Apiary implementation: When a task fails, it is retried up to 3 times (configurable). After the maximum retries, the task is permanently abandoned and diagnostics are recorded.
The abandonment tracker records:
- Task ID and type
- Number of attempts
- Error from each attempt
- Final abandonment timestamp
This prevents poison-pill tasks -- queries that trigger OOM, deadlock, or corruption on every attempt -- from consuming resources indefinitely. The diagnostics provide debugging information for operators.
4. Colony Temperature
Biological basis: Honey bee colonies maintain hive temperature within a narrow optimal range (34-36°C). When the hive overheats, bees fan their wings to circulate air. When it cools, they cluster and vibrate to generate heat. The temperature is a collective signal that drives individual behavior.

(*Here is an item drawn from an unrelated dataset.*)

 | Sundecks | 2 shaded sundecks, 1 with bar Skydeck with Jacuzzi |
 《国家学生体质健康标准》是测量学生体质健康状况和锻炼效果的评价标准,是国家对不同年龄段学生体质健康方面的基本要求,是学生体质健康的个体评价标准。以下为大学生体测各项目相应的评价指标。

Apiary implementation: Colony temperature is a composite metric from 0.0 (cold) to 1.0 (critical):
temperature = weighted_average(
cpu_utilization, # per-bee average
memory_pressure, # allocated / budget
queue_depth # pending tasks / bee count
)
The temperature drives system behavior:
| Range | Classification | System Response |
|---|---|---|
| 0.0 -- 0.3 | Cold | System underutilized; no restrictions |
| 0.3 -- 0.7 | Ideal | Normal operating range |
| 0.7 -- 0.85 | Warm | Approaching capacity; maintenance may be deferred |
| > 0.85 -- 0.95 | Hot | Temperature reported to clients via colony_status() and WriteResult |
| > 0.95 | Critical | Temperature reported to clients; operators should investigate |
In v1, colony temperature is an observability signal. It is measured and reported to clients in colony_status() and in every WriteResult, allowing applications and operators to make informed decisions. Active enforcement (write backpressure and query admission control) is planned for v2.

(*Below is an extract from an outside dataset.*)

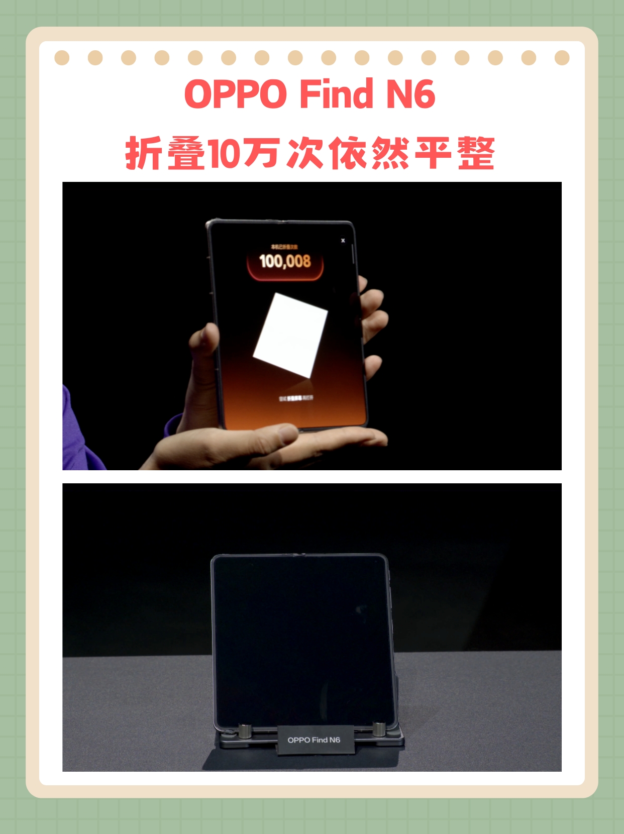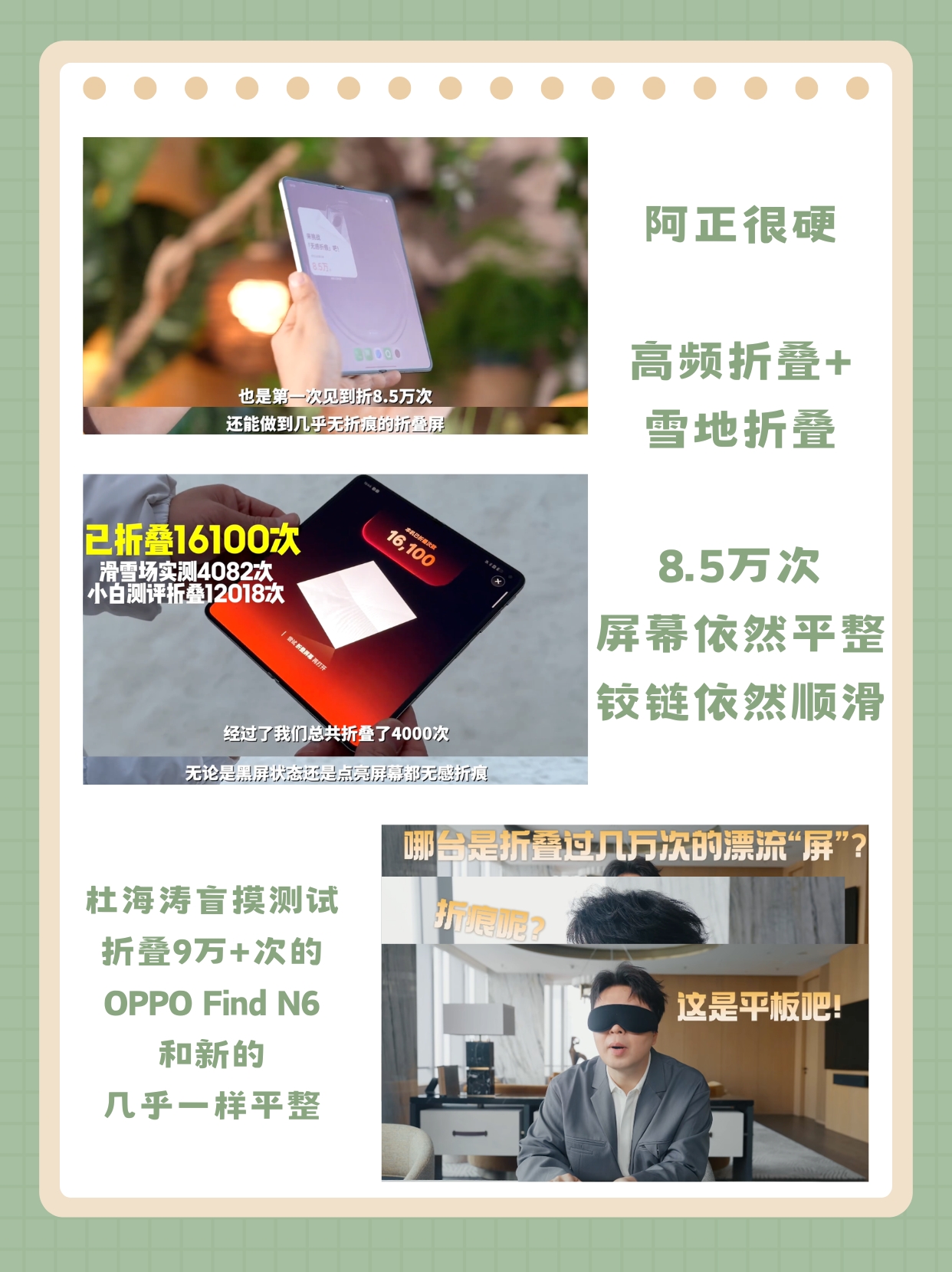 还有那个“漂流‘屏’计划”也是挺秀的,把一台独一无二有签名的OPPO Find N6传到各大博主和明星手里轮番“蹂躏”,共计折叠了整整10万次!最狠的当属直接上了高频折叠+雪地极寒折叠的极限测试,造了8.5万次!结果N6的屏幕依然平整如初,铰链开合也一样丝滑。后来传到杜海涛手里做盲摸测试,这台折了9万+次的老机子,盲摸起来竟然和全新的几乎零差别,这平整度和耐用度让人大写的服气!

In v2, the Hot and Critical states will actively enforce backpressure:
- Hot (0.85--0.95): New writes will block until temperature drops or a timeout is reached.
- Critical (0.95--1.0): Query admission will be restricted.
Behavior Interactions
The four v1 behaviors form an interconnected system:
Colony Temperature → Temperature reporting → Informs ingest decisions
↑ │
│ ↓
Mason Chambers → Memory isolation → Prevents cascading OOM
↑ │
│ ↓
Leafcutter Sizing → Right-sized cells → Fits in chamber budget
↑ │
│ ↓
Abandonment → Failed task cleanup → Frees bee capacity
│ │
└─────────── Lowers temperature ←─────────┘
Temperature rises when bees are busy. If a task fails repeatedly and is abandoned, it frees the bee, which lowers temperature. Leafcutter sizing ensures cells fit within mason chambers. Temperature reporting enables applications to implement their own backpressure logic in v1; active enforcement is planned for v2.
v2 and Beyond
v2 will expand the behavioral model to 20 behaviors, including:
- Waggle Dance -- Quality-weighted task distribution based on data locality and worker performance
- Three-Tier Workers -- Employed (cached data), Onlooker (available capacity), Scout (new data discovery) roles
- Pheromone Signalling -- Distributed backpressure via gossip
- Nectar Ripening -- Streaming ingestion pipeline (raw data → validated → committed)
- Queen Substance -- Configuration propagation across the swarm
- Drone Assembly -- Dedicated high-memory bees for large aggregations
- Robber Detection -- Anomalous access pattern detection
- Hibernation -- Power-saving mode for idle nodes
These behaviors are documented in the architecture design but not yet implemented. See Roadmap.